Politique belge

Alors que la commission de l'Intérieur de la Chambre doit débuter mardi son examen du projet de loi controversé sur les visites domiciliaires, qui devraient permettre l'interpellation de personnes en séjour illégal en Belgique à l'endroit-même où elles logent, les syndicats FGTB et CSC ont déjà communiqué lundi soir leur opposition à ce texte. Dans un communiqué commun, syndicats socialiste et chrétien "demandent solennellement aux parlementaires de tous les partis de faire barrage à la proposition de loi Francken" qui leur sera soumise, selon le texte.

Les organisations syndicales y voient une "atteinte à l'article 15 de la Constitution, qui consacre l'inviolabilité du domicile". Cet article de la Constitution stipule: "le domicile est inviolable; aucune visite domiciliaire ne peut avoir lieu que dans les cas prévus par la loi et dans la forme qu'elle prescrit". Le texte qui doit passer sous les yeux des parlementaires, et qui fait l'objet de critiques de la part du monde associatif mais aussi judiciaire, vise justement à créer un cadre juridique qui autorise des visites domiciliaires de la police, à certaines conditions. Elles seraient ainsi notamment soumises à l'autorisation préalable d'un juge d'instruction. 

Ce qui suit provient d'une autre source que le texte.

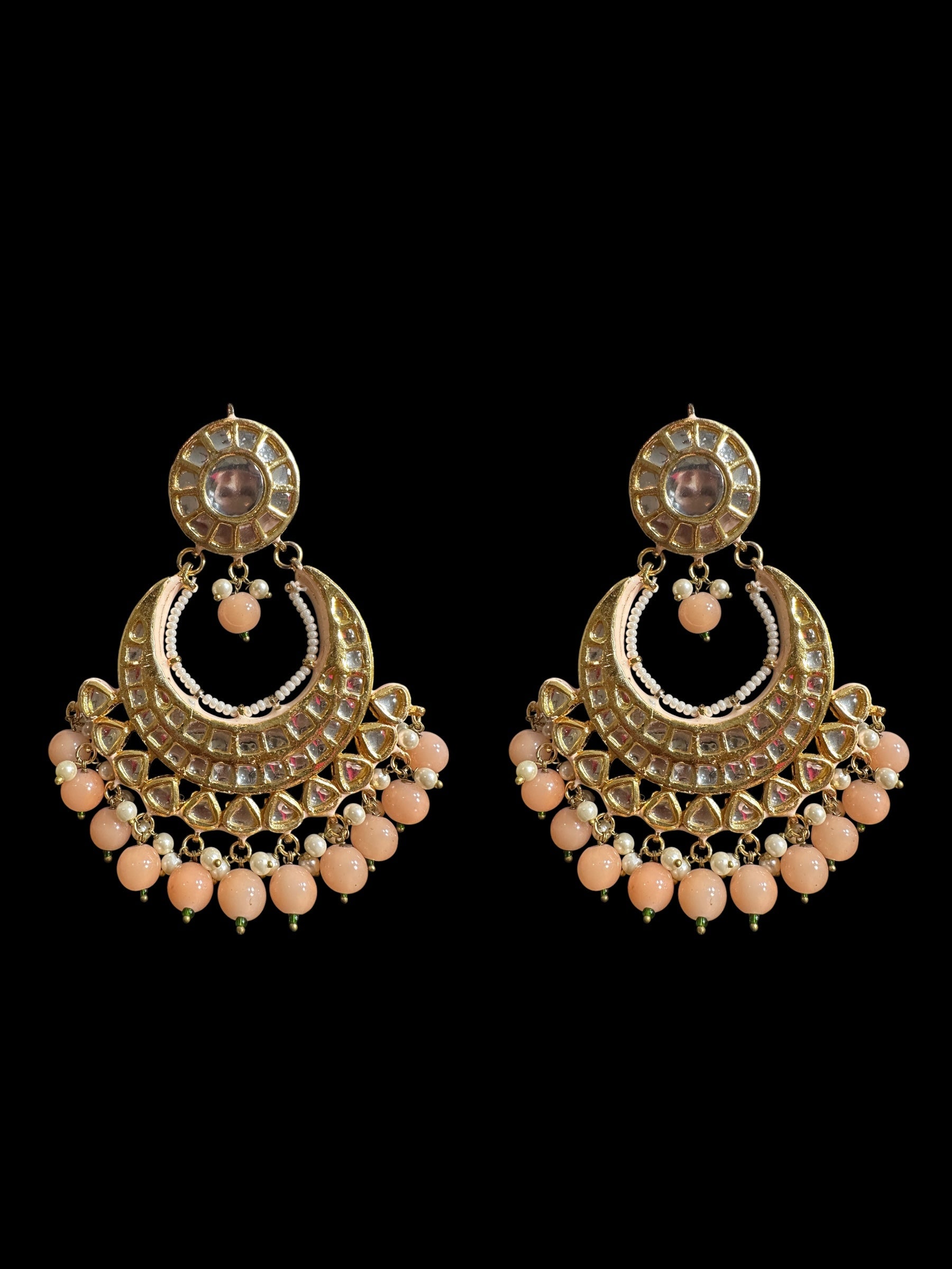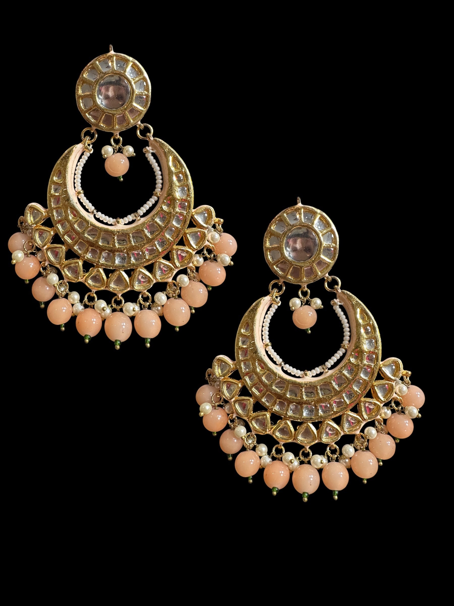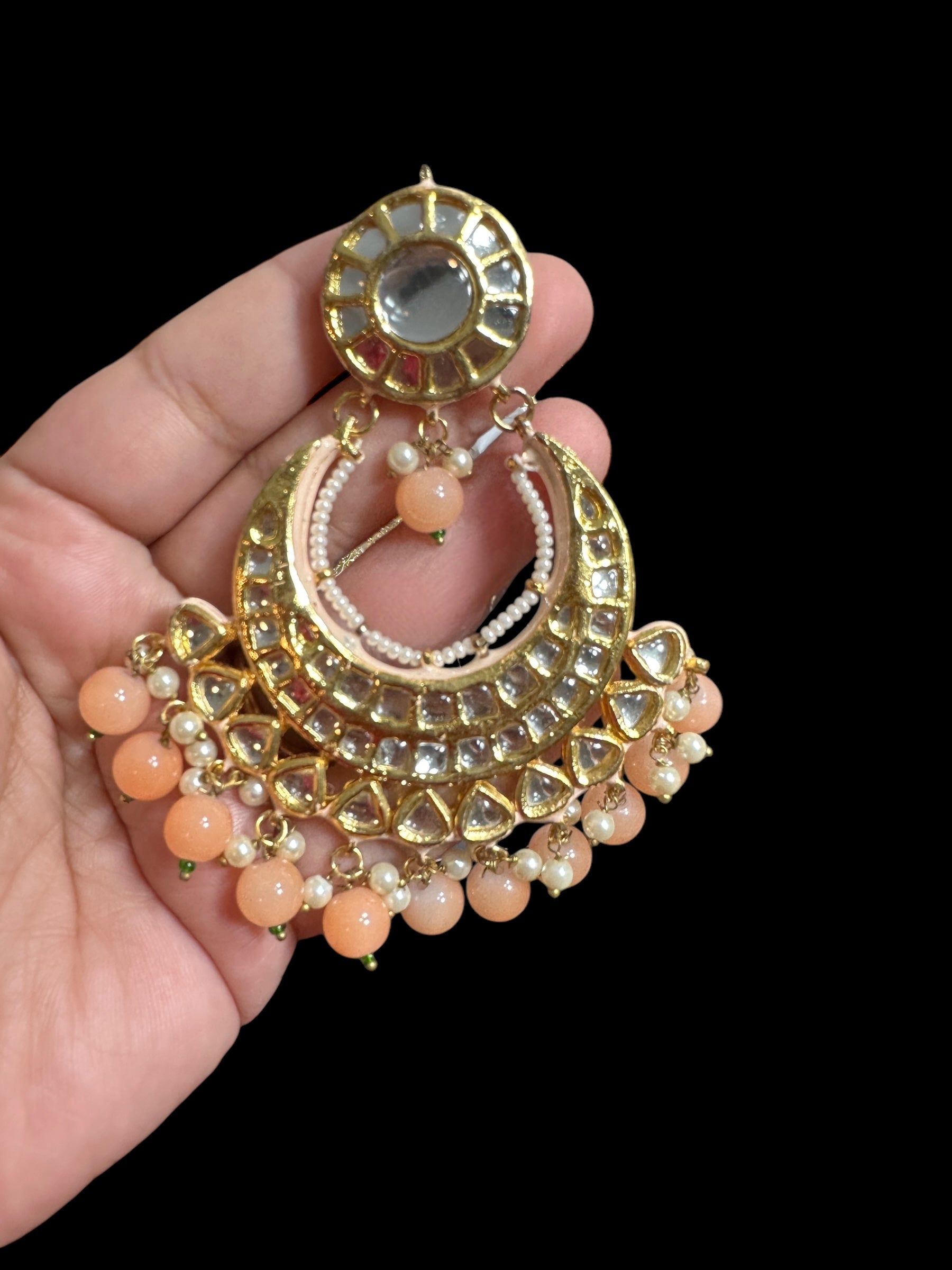 Kundan meena earrings - peach , Oversized chandbali ( READY TO SHIP )

De telles visites, qui pourraient viser une personne étrangère "sans papiers" n'ayant pas choisi le retour volontaire et n'ayant pas coopéré à une procédure d'éloignement, pourraient se faire là où cette personne est logée, qu'il s'agisse de son domicile ou de celui d'un tiers qui l'héberge. Ce dernier point est particulièrement pointé du doigt, également dans le communiqué signé par Robert Vertenueil, secrétaire général FGTB, et Anne Léonard, secrétaire nationale CSC. "Le secrétaire d'État s'attaque à la solidarité citoyenne en permettant également aux forces de l'ordre d'entrer dans le domicile d'une personne qui ferait le choix d'offrir un hébergement à une personne sans-papier", estiment ces chefs de file des formations syndicales. Ils rappellent au passage que, durant les trois derniers mois au moins, "plusieurs milliers de citoyens se sont engagés dans l'accueil et la solidarité journalière avec les migrants", dernièrement encore via la "chaîne humaine" formée dimanche depuis le parc Maximilien à Bruxelles. "Cela prouve qu'une politique 'humaine et accueillante' est possible".